Jessica B. Harris | |
---|---|
Born | Queens, New York, U.S. | March 18, 1948
Alma mater | Bryn Mawr College Queens College, City University of New York New York University |
Genre | Nonfiction, memoir |
Subject | Culinary history, personal history, New York City, the 1970s and 1980s, African diaspora |
Notable works | High on the Hog (2011) |
Notable awards | James Beard Award |
Website | |
www |
Jessica B. Harris (born March 18, 1948) [1] is an American culinary historian, college professor, cookbook author and journalist. [2] She is professor emerita at Queens College, City University of New York, where she taught for 50 years, and is also the author of 15 books, including cookbooks, non-fiction food writing and memoir. She has twice won James Beard Foundation Awards, including for Lifetime Achievement in 2020, and her book High on the Hog was adapted in 2021 as a four-part Netflix series by the same name.
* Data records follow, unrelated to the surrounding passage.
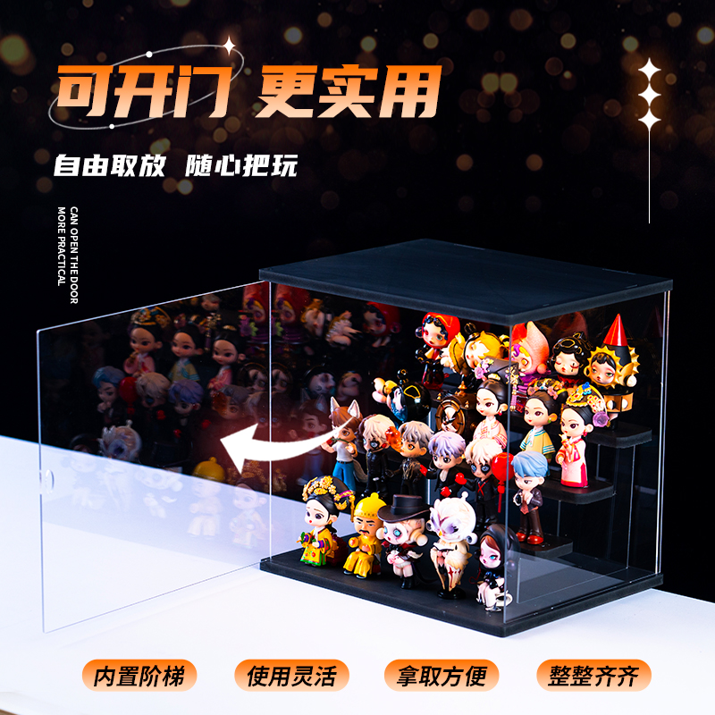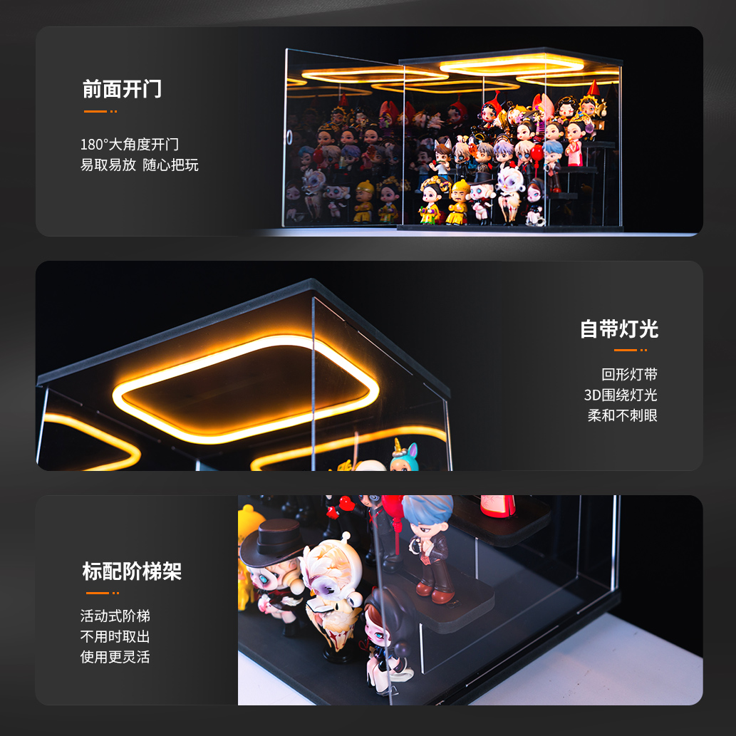 盲盒收纳展示架手办娃娃立牌展示盒亚克力透明架子摆件带灯展示柜
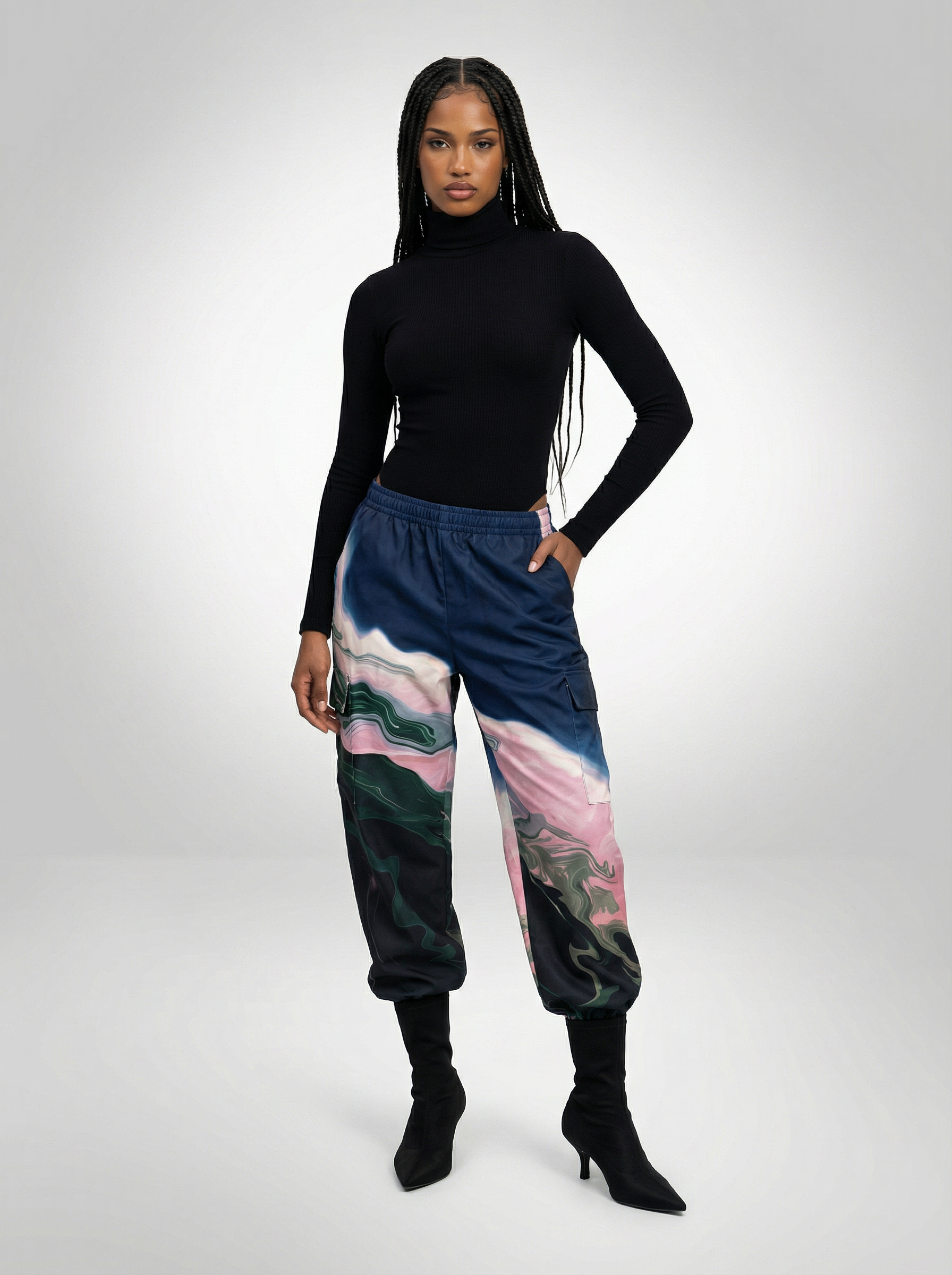 For Her: Style our cargo pants, tightened at the ankles, with a long-sleeve black turtleneck bodysuit tucked in, and finish with black sock-style boots for a sleek, utilitarian look.
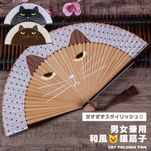 扇子 猫 可愛い お洒落 和風 ねこ ネコ柄 ドット 竹 絹 高級 メンズ レデ…
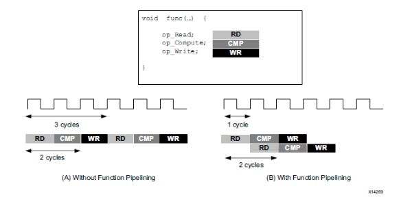 下图A是没有进行Pipeline处理的代码,只有当RD、CMP和WR整个处理过程完成后,才会进行下一组数据的处理,即处理一组数据需要3个时钟周期。图B是进行Pipeline优化后的代码,每个时钟周期都有数据输入并被处理,所以吞吐量是图A的3倍。
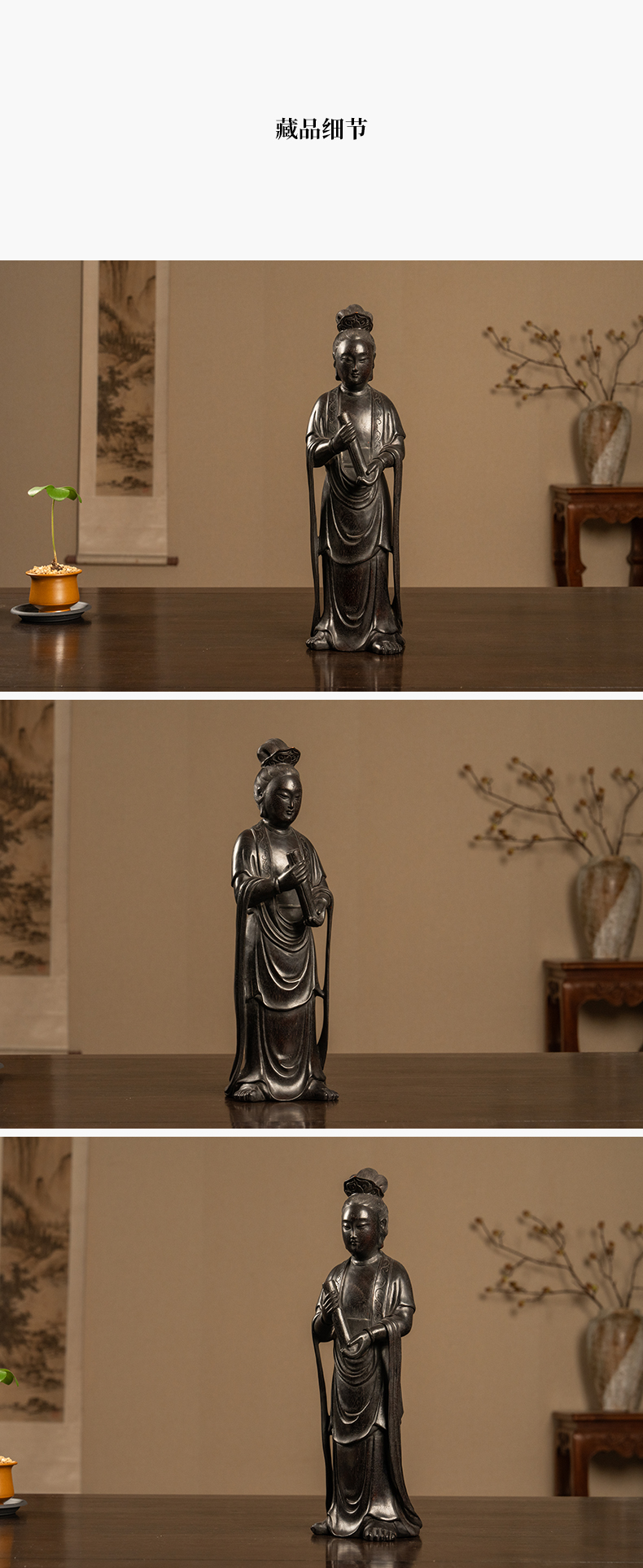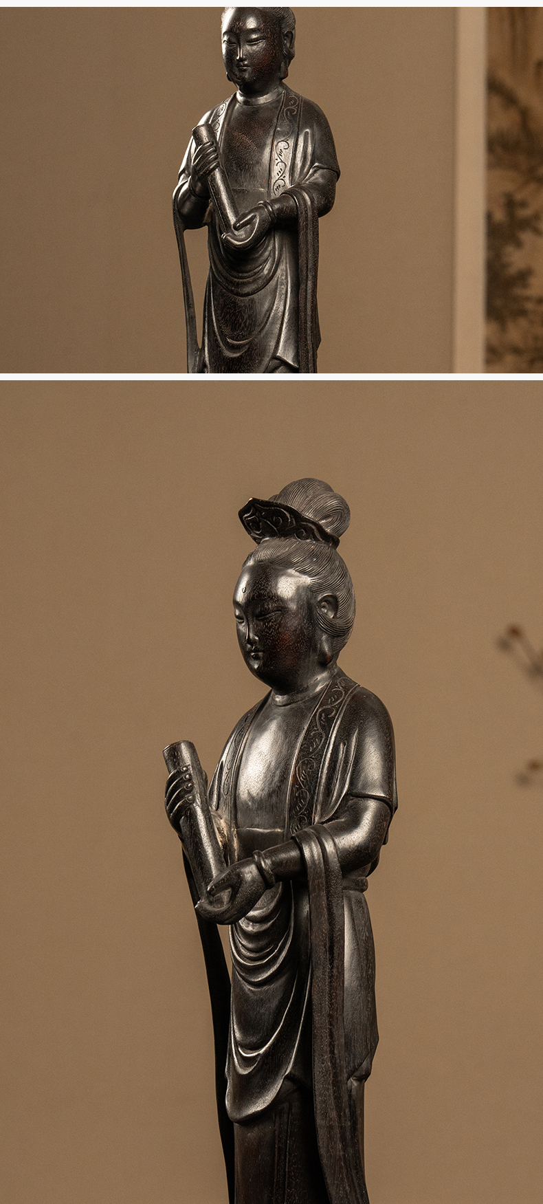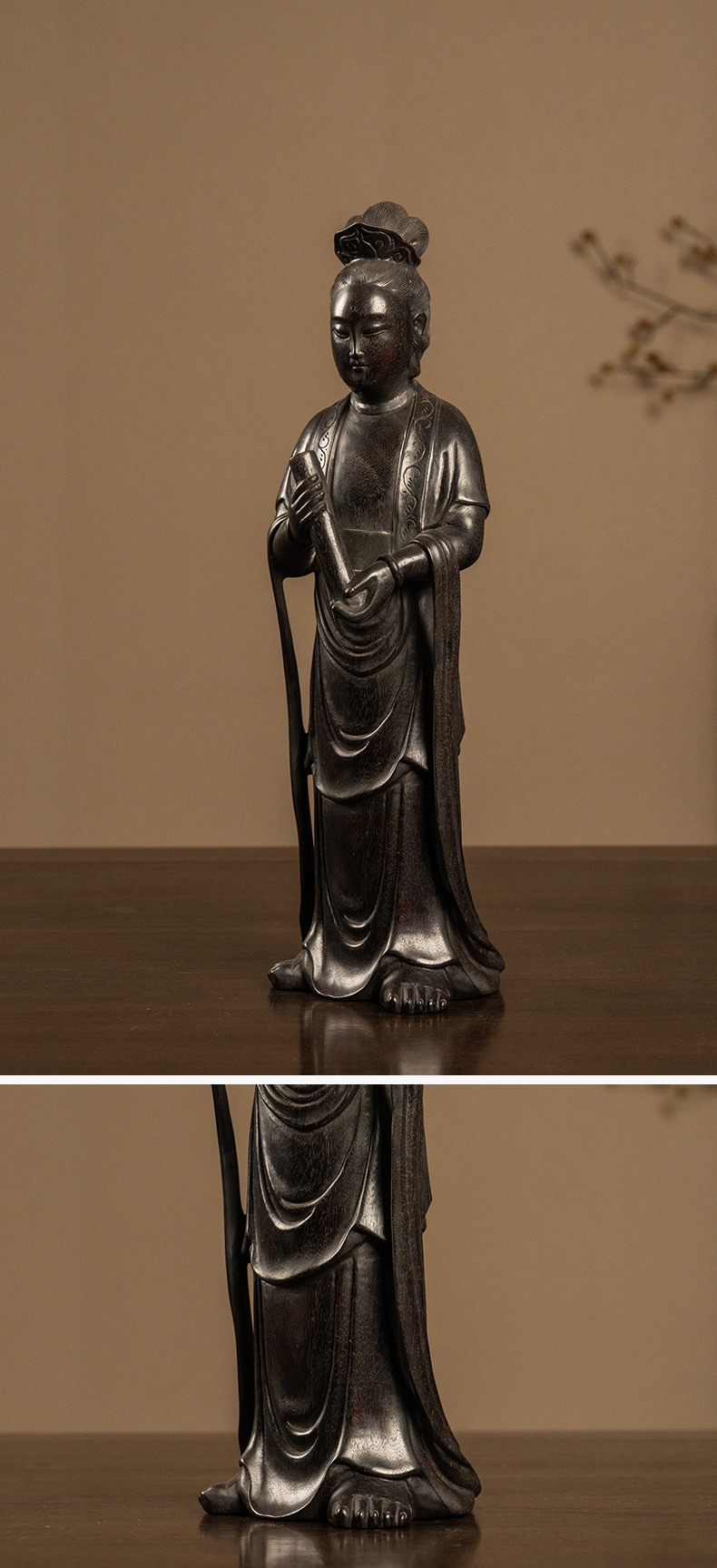 清 紫檀木雕持卷仕女摆件
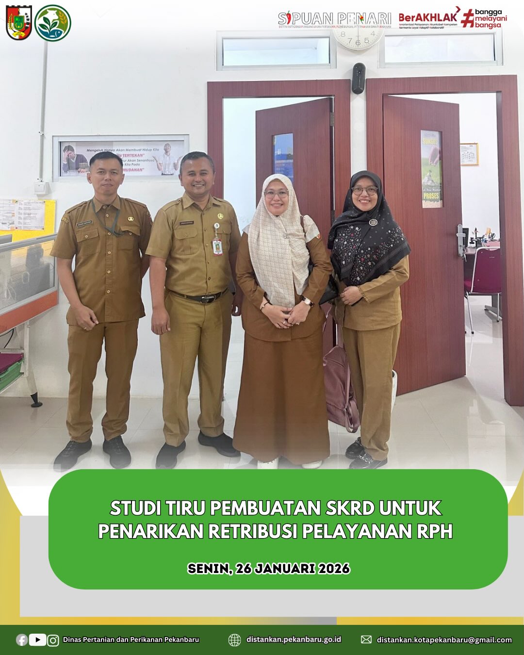 Dinas Pertanian melakukan studi tiru terkait pembuatan Surat Ketetapan Retribusi Daerah (SKRD) dengan mempelajari aplikasi SIREKAN (Sistem Retribusi Kantin) milik Dinas Pendidikan.
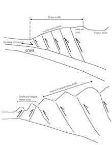 Certains terranes, comme le Pontiac Terrane, étaient auparavant une ceinture de plissement-chevauchement, c'est-à-dire, une zone constituée d'une série de chevauchements (failles inverses) et de plis de faille séparés par des failles principales. La ceinture de poussée pliée se forme avec de la compression comme celle de la collision avec la croûte. Lorsque celle-ci est comprimée, les poussées prennent pour origine, la provenance de la compression. Les murs suspendus des poussées glissent le long du plan de faille et s'empilent au-dessus du mur, formant une rampe anticlinale ou un pli de faille[13].
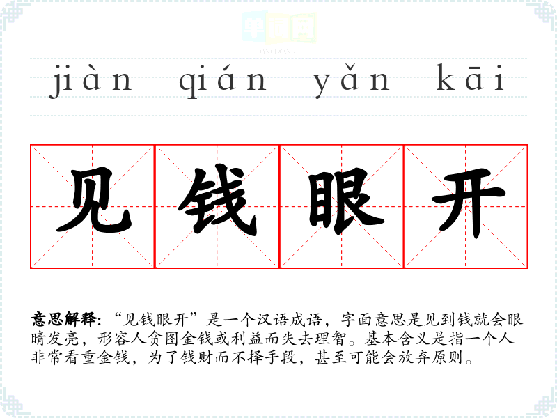 “见钱眼开”是一个汉语成语,字面意思是见到钱就会眼睛发亮,形容人贪图金钱或利益而失去理智。基本含义是指一个人非常看重金钱,为了钱财而不择手段,甚至可能会放弃原则。
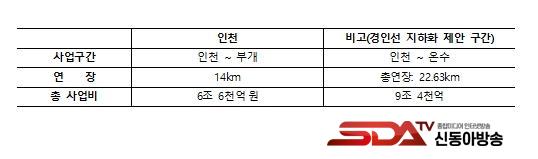 À̹ø Á¦¾È¼¿¡´Â °æÀÎÀüö(¿Â¼ö¿ª~ÀÎõ¿ª, 22.63km) ±¸°£ÀÇ ÁöÇÏÈ ¹æ¾ÈÀ» ´ã°í ÀÖÀ¸¸ç, °æ±âµµ¿Í °øµ¿À¸·Î ÃßÁøµÈ´Ù. ÀÌÁß ÀÎõ½Ã ±¸°£Àº ÀÎõ¿ª¿¡¼ ºÎ°³¿ª±îÁö 14km ±¸°£ÀÌ´Ù. ÃÑ»ç¾÷ºñ´Â ¾à 6Á¶ 6õ¾ï ¿øÀ¸·Î, ÀÌ Áß Ã¶µµ ÁöÇÏÈ¿¡ ¾à 3Á¶ 4õ¾ï ¿ø, »óºÎ ºÎÁö °³¹ß¿¡ ¾à 3Á¶ 2õ¾ï ¿øÀÌ ¼Ò¿äµÉ ¿¹Á¤ÀÌ´Ù.

Jessica B. Harris, an only child, was born in Queens, New York, in 1948. [3] Her family also had a summer home on Martha's Vineyard. [3] From 1953 to 1961, Harris attended the United Nations International School in New York City. [3] She graduated from the High School of Performing Arts when she was 16 years old, and went on to earn an A.B. degree in French from Bryn Mawr College (1968). [3] Her junior year at Bryn Mawr, Harris studied in Paris, France. [4] Following graduation, Harris returned to France to study at the Universite de Nancy for one year. [4] She then earned her master's degree from Queens College (1971) and a Ph.D. from New York University (1983). [5] In 1972, Harris traveled to West Africa to work on her doctoral dissertation. [6]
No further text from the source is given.